With nearly all organizations running cloud applications or experimenting with Infrastructure-as-a-Service, larger enterprises remain cautious when it comes to cloud adoption and are looking for strategies for adopting cloud that incorporate varying combinations of public, private, and hybrid cloud infrastructure.
This is one of the key findings of the annual “State of the Cloud Survey” from cloud automation and control software provider RightScale. More than 1,000 organizations were surveyed, roughly a quarter of whom were companies with more than 1,000 employees.
Compared to smaller organizations that may be able to rely on a single public or private cloud to provide most of their IT needs, larger enterprises often have more complex requirements and see hybrid and multi-cloud implementations as an end goal. Among enterprise respondents, 74 percent have a multi-cloud strategy, and nearly half (48 percent) are planning for hybrid clouds.
Although more enterprises are adopting cloud solutions, only a little more than half of them have defined the business value they want to get from cloud initiatives or outlined their security policies. And even fewer enterprises have defined policies for choosing cloud services, made disaster recovery plans, or implemented cost management strategies.
This indicates that many enterprises may actually be moving forward with cloud services without necessarily being prepared.
However, the challenges of cloud security decline as cloud solutions mature and IT departments learn more about cloud security features and best practices.
Additionally, organizations are finding more benefits from being about to deploy different types of workloads in the cloud. Test and development applications are the most likely applications to be deployed on the cloud, followed by customer web apps, internal web apps, batch processing, and mobile apps.
Next-Gen IT: Cloud, DevOps, and Self-Service
According to RightScale’s report, cloud adoption is part of the next-generation corporate IT formula that includes cloud, self-service, and DevOps. Self-service allows end users to provision their own services and attempt to solve their own problems. DevOps is basically an approach to software development that increases collaboration between operations teams and developers.

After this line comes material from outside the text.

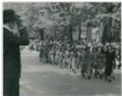
ON PARADE, LONDON. 1953 or 1955. (13d-c5715-d56)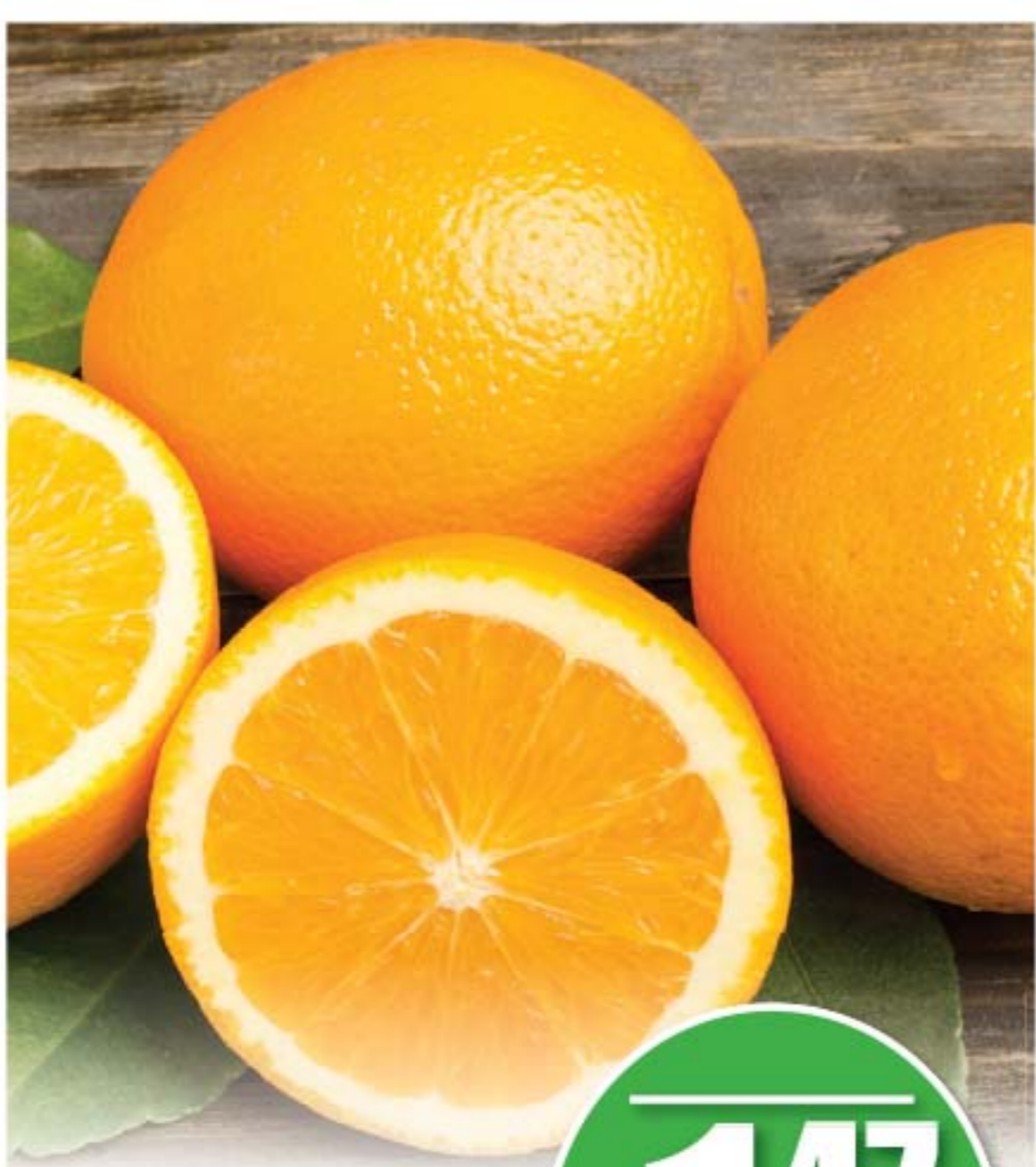
Large Navel Oranges

The Public/Private Cloud Leaderboard
AWS continues to be the most popular public cloud among respondents with 54 percent of respondents currently running applications on it. The second most used cloud, Rackspace Public Cloud, was only used by 12 percent of respondents.
Public cloud adoption, however, is radically different between larger enterprises and smaller organizations. AWS remains in first place across both segments, but SMBs are more likely to use Rackspace or Google App Engine, and enterprises tend to use VMware vCHS and Azure.
Private cloud is even more competitive than last year, and IT departments still have a difficult decision to make between open-source solutions (ie. OpenStack) and proprietary solutions (ie. VMware). Compared to last year, OpenStack adoption went up while VMware vCloud Director showed declines. Still, VMware vSphere remains the most popular private cloud technology, followed by vCloud Director, Microsoft System Center, and OpenStack.
This year’s State of the Cloud Survey paints a picture of a cloud marketplace that’s gaining maturity, but IT departments are still confronted with difficult decisions about their cloud strategy.